Validating with XML Schema

This section looks at the process of XML Schema validation. Although a full treatment of XML Schema is beyond the scope of this tutorial, this section shows you the steps you take to validate an XML document using an XML Schema definition. (To learn more about XML Schema, you can review the online tutorial, XML Schema Part 0: Primer . At the end of this section, you will also learn how to use an XML Schema definition to validate a document that contains elements from multiple namespaces.

Overview of the Validation Process

To be notified of validation errors in an XML document, the following must be true:

  • The factory must configured, and the appropriate error handler set.
  • The document must be associated with at least one schema, and possibly more.

Configuring the DocumentBuilder Factory

It is helpful to start by defining the constants you will use when configuring the factory. These are the same constants you define when using XML Schema for SAX parsing, and they are declared at the beginning of the DOMEcho example program.

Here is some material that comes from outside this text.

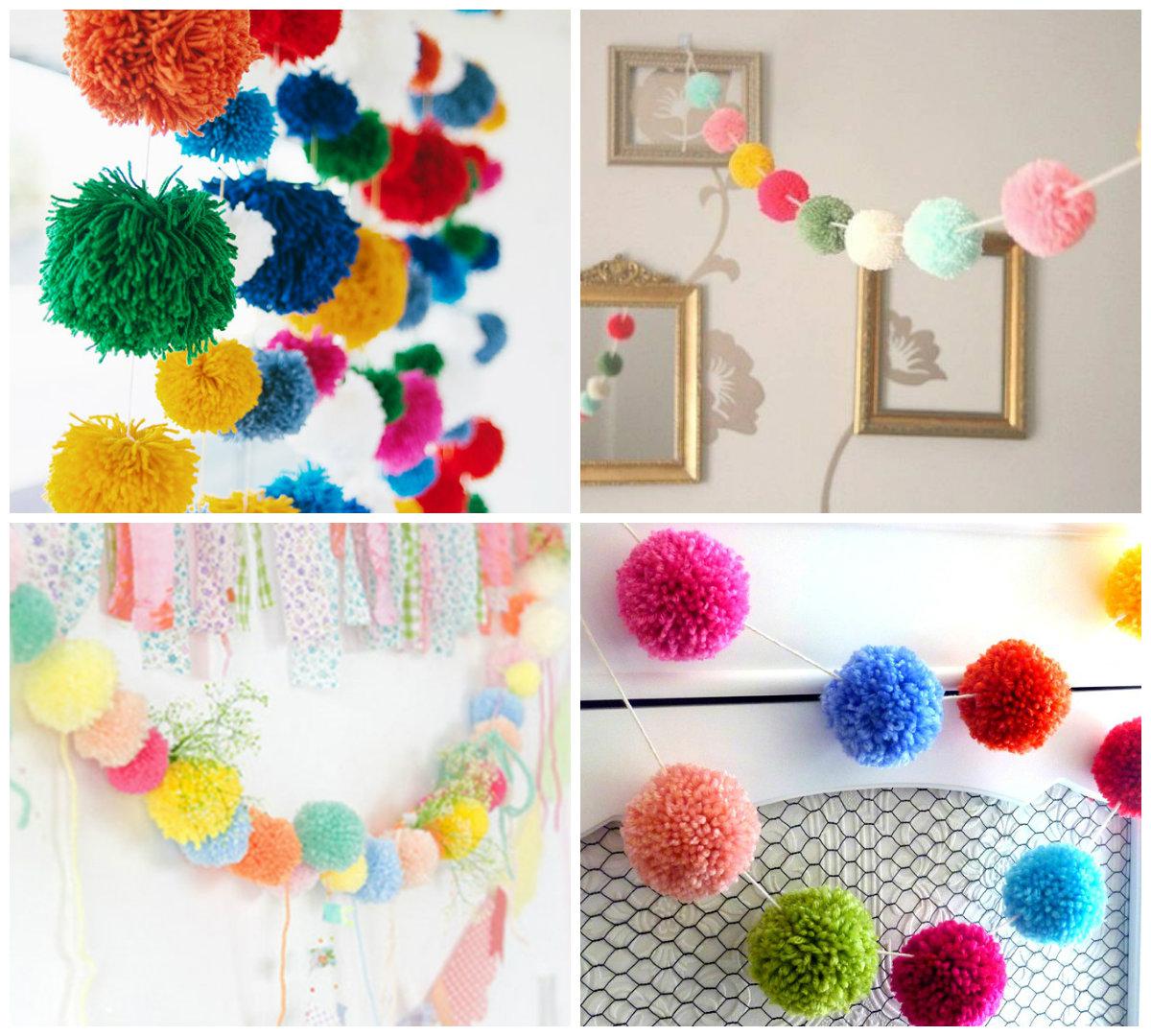 Les fils de laine épais et aux couleurs vives sont parfaits pour réaliser de jolis pompons câlins de toutes tailles. Une fois que vous en avez préparé suffisamment, vous pouvez les coller fermement sur un cadre en carton pour créer une décoration colorée et accrocheuse qui sera une pièce maîtresse de la fête.

static final String JAXP_SCHEMA_LANGUAGE =
    "http://java.sun.com/xml/jaxp/properties/schemaLanguage";
static final String W3C_XML_SCHEMA =
    "http://www.w3.org/2001/XMLSchema";

Next, you configure DocumentBuilderFactory to generate a namespace-aware, validating parser that uses XML Schema. This is done by calling the setValidating method on the DocumentBuilderFactory instance dbf, that was created in Instantiate the Factory.

// ...

dbf.setNamespaceAware(true);
dbf.setValidating(dtdValidate || xsdValidate);

if (xsdValidate) {
    try {
        dbf.setAttribute(JAXP_SCHEMA_LANGUAGE, W3C_XML_SCHEMA);
    }
    catch (IllegalArgumentException x) {
        System.err.println("Error: JAXP DocumentBuilderFactory attribute " 
                           + "not recognized: " + JAXP_SCHEMA_LANGUAGE);
        System.err.println("Check to see if parser conforms to JAXP spec.");
        System.exit(1);
    }
}

// ...

Because JAXP-compliant parsers are not namespace-aware by default, it is necessary to set the property for schema validation to work. You also set a factory attribute to specify the parser language to use. (For SAX parsing, on the other hand, you set a property on the parser generated by the factory).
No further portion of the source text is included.